Either a data frame or the name of a data file to be read (including the path, if required; "FILENAME.ext"; default: NULL); files can be of any supported file type, see Details below

fleOut

Name of the data file to be written (including the path, if required; "FILE_OUT.omv"; default: ""); if empty, the resulting data frame is returned instead

varXfm

Named list variable where the name indicates which transformation is to be carried out and where each list entry points to one or more variables to be transformed using this transformation. See Details for more information.

psvAnl

Whether analyses that are contained in the input file shall be transferred to the output file (default: FALSE)

usePkg

Name of the package: "foreign" or "haven" that shall be used to read SPSS, Stata and SAS files; "foreign" is the default (it comes with base R), but "haven" is newer and more comprehensive

selSet

Name of the data set that is to be selected from the workspace (only applies when reading .RData-files)

...

Additional arguments passed on to methods; see Details below

Value

a data frame (only returned if fleOut is empty) where the order of variables / columns of the input data set is re-arranged

Details

  • varXfm has to be a named list variable where the names can either indicate the type of transformation or the kind and degree of skewness that shall be corrected. For the type of transformation, the following names are valid: posSqr, negSqr, posLog, negLog, posInv, negInv; where the second part of the name indicates the transformation to be carried out: ...Sqr - square root, ...Log - logarithm to the basis 10, ...Inv - inversion, i.e., 1 / original value), and where the first part of the name indicates whether the original value is used (pos...) or whether the original value is subtracted from the maximum value of that variable (neg...; a constant of 1 is added to the maximum value for ...Log and ...Inv transformations). For the degree and kind of skewness, the following names are valid: mdrPos, strPos, svrPos, mdrNeg, strNeg, svrNeg (degree: moderate, strong, severe; kind: positive or negative).

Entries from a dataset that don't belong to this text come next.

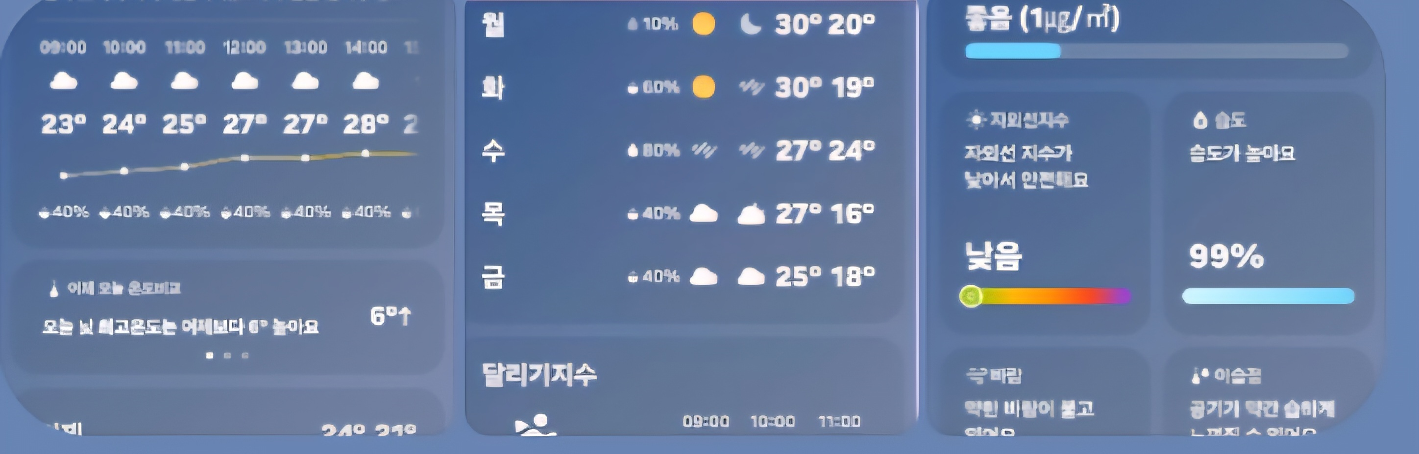 기온 최고 27~30 / 최저 21~23 구름 많음 시 체감 1~2℃↑
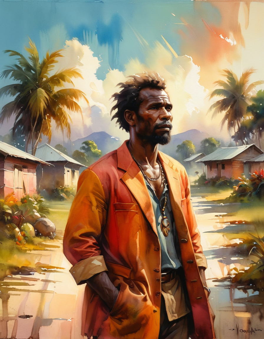 art by Horia Bernea, painting, landscape of a ([Melbourne:Papua New Guinea:2]:1.1) , wearing ral-wtrclr, Clear skies, Romanian modernism, rural landscapes, poetic compositions, earthy color palettes, atmospheric lighting, painterly, <lora:ral-wtrclr:0.88>, colorful, perfect background, fine detail, background inspired, theatrical, luxury
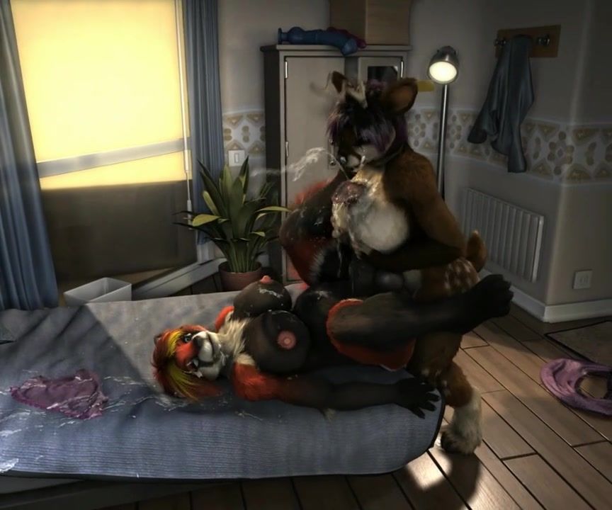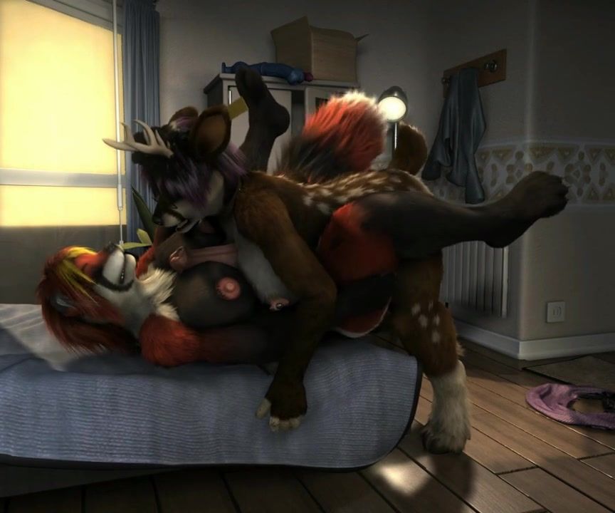 A big furry squirrel with big tits from a funny adult cartoon was sitting at home alone and bored. It was good that a reindeer with a big and strong penis came to visit her. After hot sex on the bed, the reindeer cum on the beautiful fur of the squirrel, although she asked him not to.
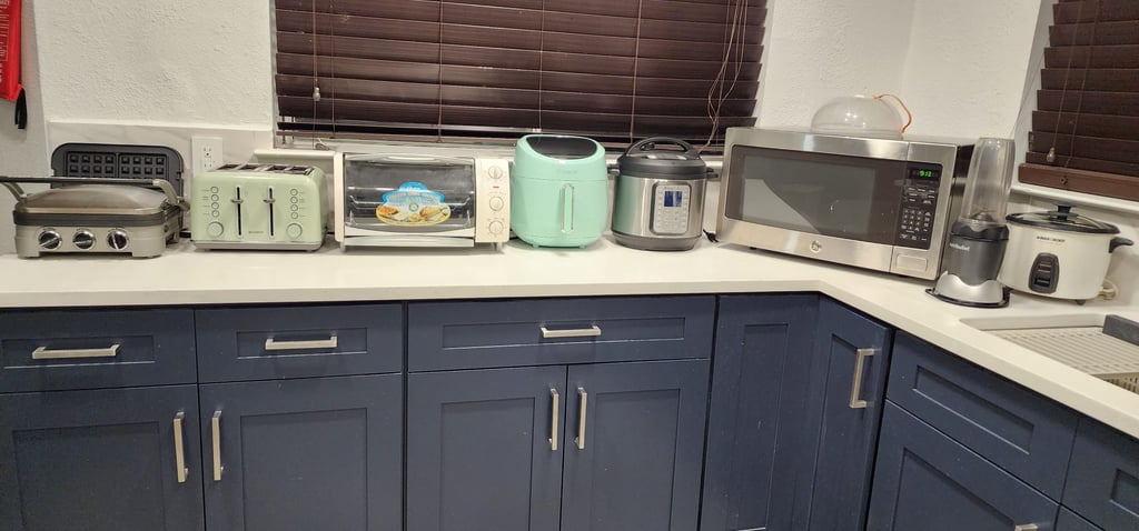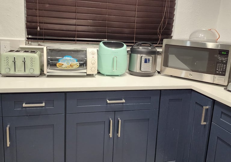 Kitchen full of small appliances for you to cook and save (Microwave, Air Fryer, Instant Pot & slow cooker, Rice Cooker, Toaster Oven, Toaster, Grill/Gridler, Egg cooker, Panini Press/ Sandwich Grill, and more)

  • The ellipsis-parameter (...) can be used to submit arguments / parameters to the functions that are used for reading and writing the data. By clicking on the respective function under “See also”, you can get a more detailed overview over which parameters each of those functions take. The functions are: read_omv and write_omv (for jamovi-files), read.table (for CSV / TSV files; using similar defaults as read.csv for CSV and read.delim for TSV which both are based upon read.table), load (for .RData-files), readRDS (for .rds-files), read_sav (needs the R-package haven) or read.spss (needs the R-package foreign) for SPSS-files, read_dta (haven) / read.dta (foreign) for Stata-files, read_sas (haven) for SAS-data-files, and read_xpt (haven) / read.xport (foreign) for SAS-transport-files. If you would like to use haven, you may need to install it using install.packages("haven", dep = TRUE).

See also

transform_vars_omv internally uses the following functions for reading and writing data files in different formats: read_omv() and write_omv() for jamovi-files, utils::read.table() for CSV / TSV files, load() for reading .RData-files, readRDS() for .rds-files, haven::read_sav() or foreign::read.spss() for SPSS-files, haven::read_dta() or foreign::read.dta() for Stata-files, haven::read_sas() for SAS-data-files, and haven::read_xpt() or foreign::read.xport() for SAS-transport-files.

Examples

if (FALSE) { # \dontrun{
# generate skewed variables
set.seed(335)
dtaInp <- data.frame(MP = rnorm(1000) * 1e-1 + rexp(1000, 2) * (1 - 1e-1),
                     MN = rnorm(1000) * 1e-1 - rexp(1000, 2) * (1 - 1e-1),
                     SP = rnorm(1000) * 1e-2 + rexp(1000, 2) * (1 - 1e-2),
                     SN = rnorm(1000) * 1e-2 - rexp(1000, 2) * (1 - 1e-2),
                     EP = rnorm(1000) * 1e-4 + rexp(1000, 2) * (1 - 1e-4),
                     EN = rnorm(1000) * 1e-4 - rexp(1000, 2) * (1 - 1e-4))
jmv::descriptives(data = dtaInp, skew = TRUE, sw = TRUE)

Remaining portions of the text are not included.